Verkaufe mein Scott Octane FX 1 Cross-Country (sehr leicht). Es ist 3 Jahre alt und in einem guten Zustand. Besichtigung in München-Bogenhausen nach Vereinbarung möglich. Sende gerne Bilder auf Wunsch. Zum extrem günstigen Verkaufspreis von 650 EUR bei Abholung in München. Neupreis 1.700 EUR.

Hersteller: Firma Scott


Modell: Octane FX1; Cross Country


Größe:*L


Farbe: gelb


Zustand: guter Zustand


----------



## Lord Helmchen (17. April 2004)

1. gibt es dazu den Bike-Markt! Zu fidnen unter www.mtb-news.de/bikemarkt  
2. ohne bild nimmt dir das wohl keiner ab!

stells in den bike-markt, wenns einem gefällt schnappt ers sich schon!


----------



## MTB-News.de




----------



## Sahnie (17. April 2004)

Und nicht schummeln beim Alter des Bikes. STX sind wir nach dem Krieg gefahren.
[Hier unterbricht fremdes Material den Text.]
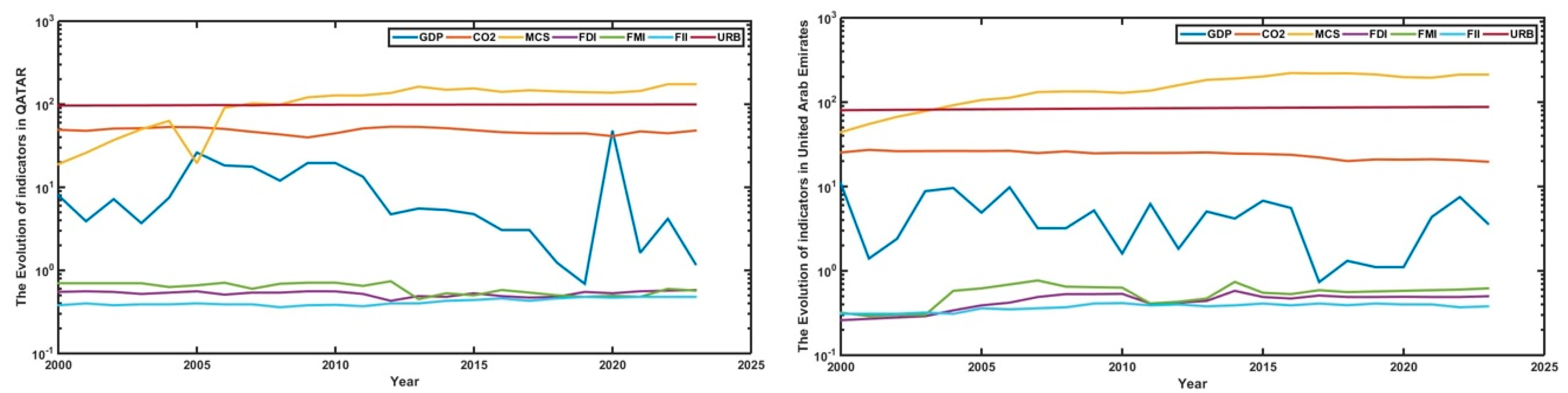 2 emissions in Qatar appear to be the most dynamic compared to those of the other countries, which suggests that the government lacks effective environmental protection policies. This situation exacerbates ecological sustainability challenges and consequently contributes to global warming.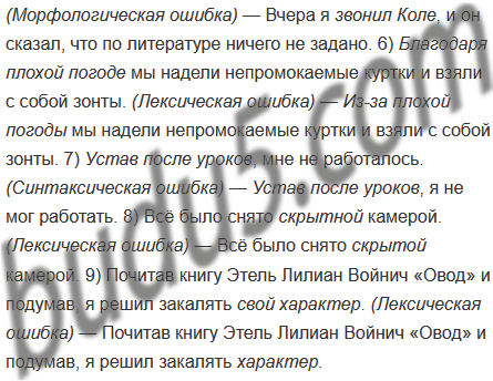 ll. 1) В комнате стояла диван-кровать и два кресла. 2) Самый умнейший из нас получил приз. 3) Все испугались случайно забревшую в наш сад собаку. 4) В субботу все уроки пройдут согласно расписания. 5) Вчера я звонил к Коле, и он сказал, что по литературе ничего не задано. 6) Благодаря плохой погоде мы надели непромокаемые куртки и взяли с собой зонты. 7) Устав после уроков, мне не работалось. 8) Всё было снято скрытной камерой. 9) Почитав книгу Этель Лилиан Войнич «Овод» и подумав, я решил закалять свой характер.
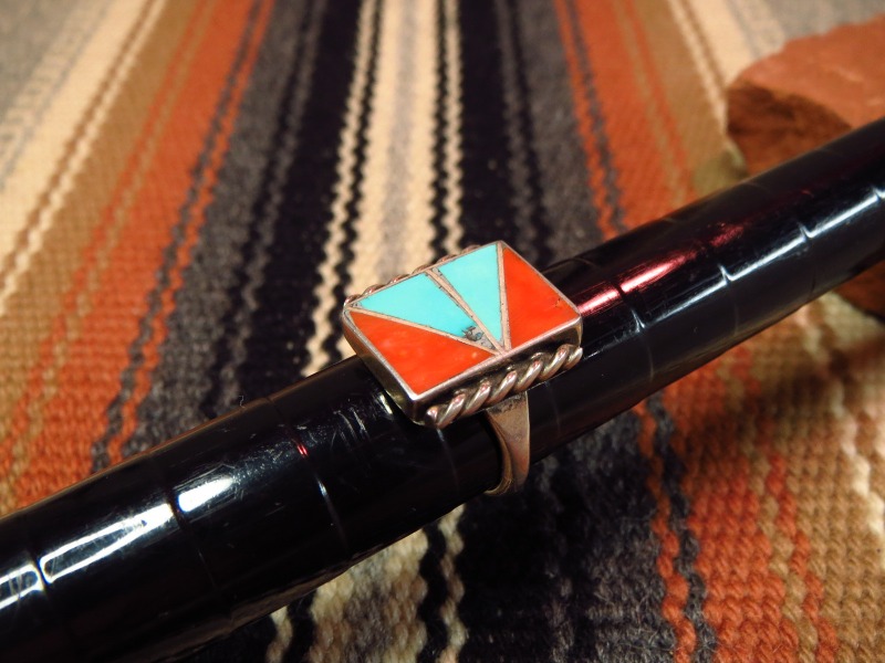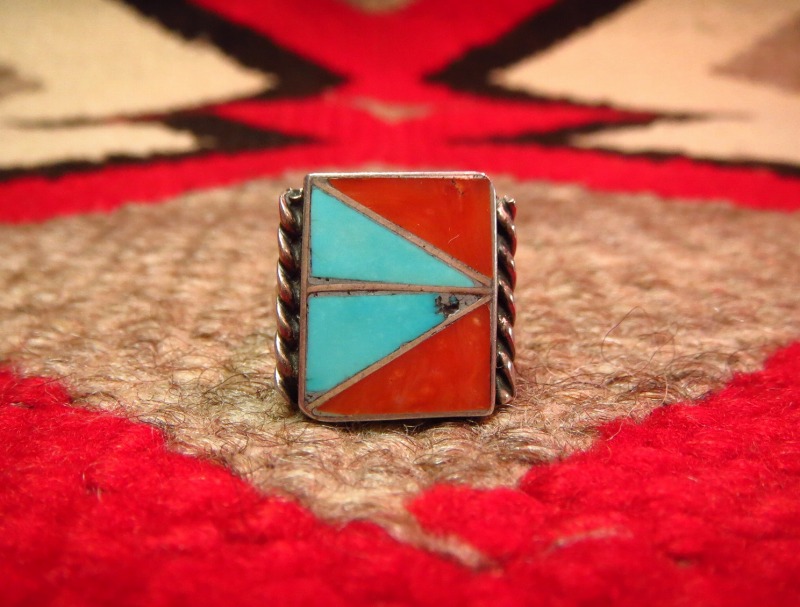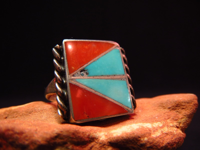 1970年代~90年代頃に作られたと思われるピースで、スクエアフェイスにコーラルとターコイズが三角形にカットされ、グラフィティカルにインレイされています。さらに、ベゼルのサイドにはツイステッドワイヤーが施されており、大胆で現代的なデザイン構成にインディアンジュエリーらしい味わいを付加するディテールとなっています。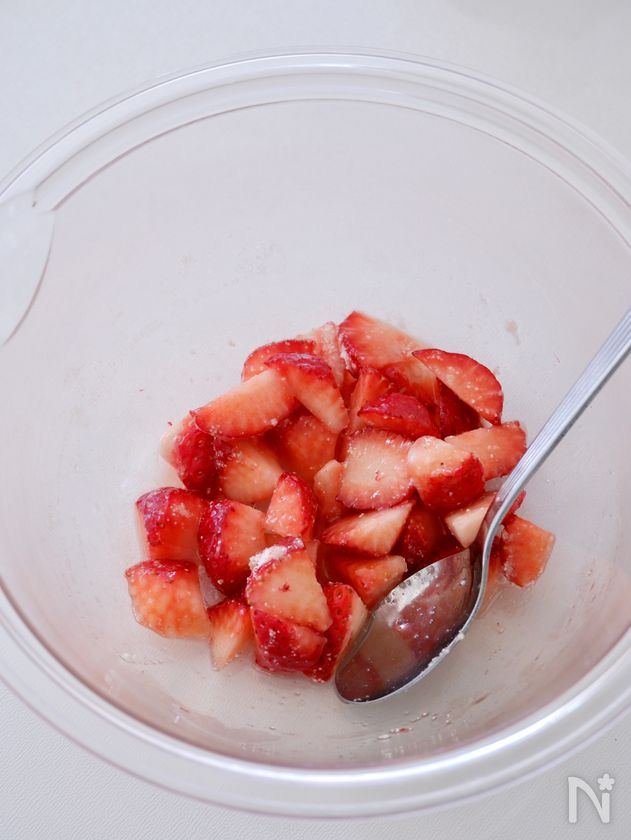 (下準備) ・いちごを洗ってヘタを取り、食べやすい大きさに切る。砂糖(いちご用)をまぶしてさっと混ぜ、1時間ほど置いておく。

Und mal zur Problematik dass keiner in den Bikemarkt reinguckt. Bei den Preisen die dort verlangt werden kann man sich den Aufwand sparen mit der eigenen Rubrik. Ich habe gestern mal interessehalber alles durchgeforstet. Preise für altes Gelump das man mittlerweile für die Hälfte beim Händler neu bekommt.


----------



## ck270373 (1. Juni 2008)

Hallo,

ist das FX1 noch zu kaufen?

LG Christian


----------



## Deleted 76843 (1. Juni 2008)

hmhm


----------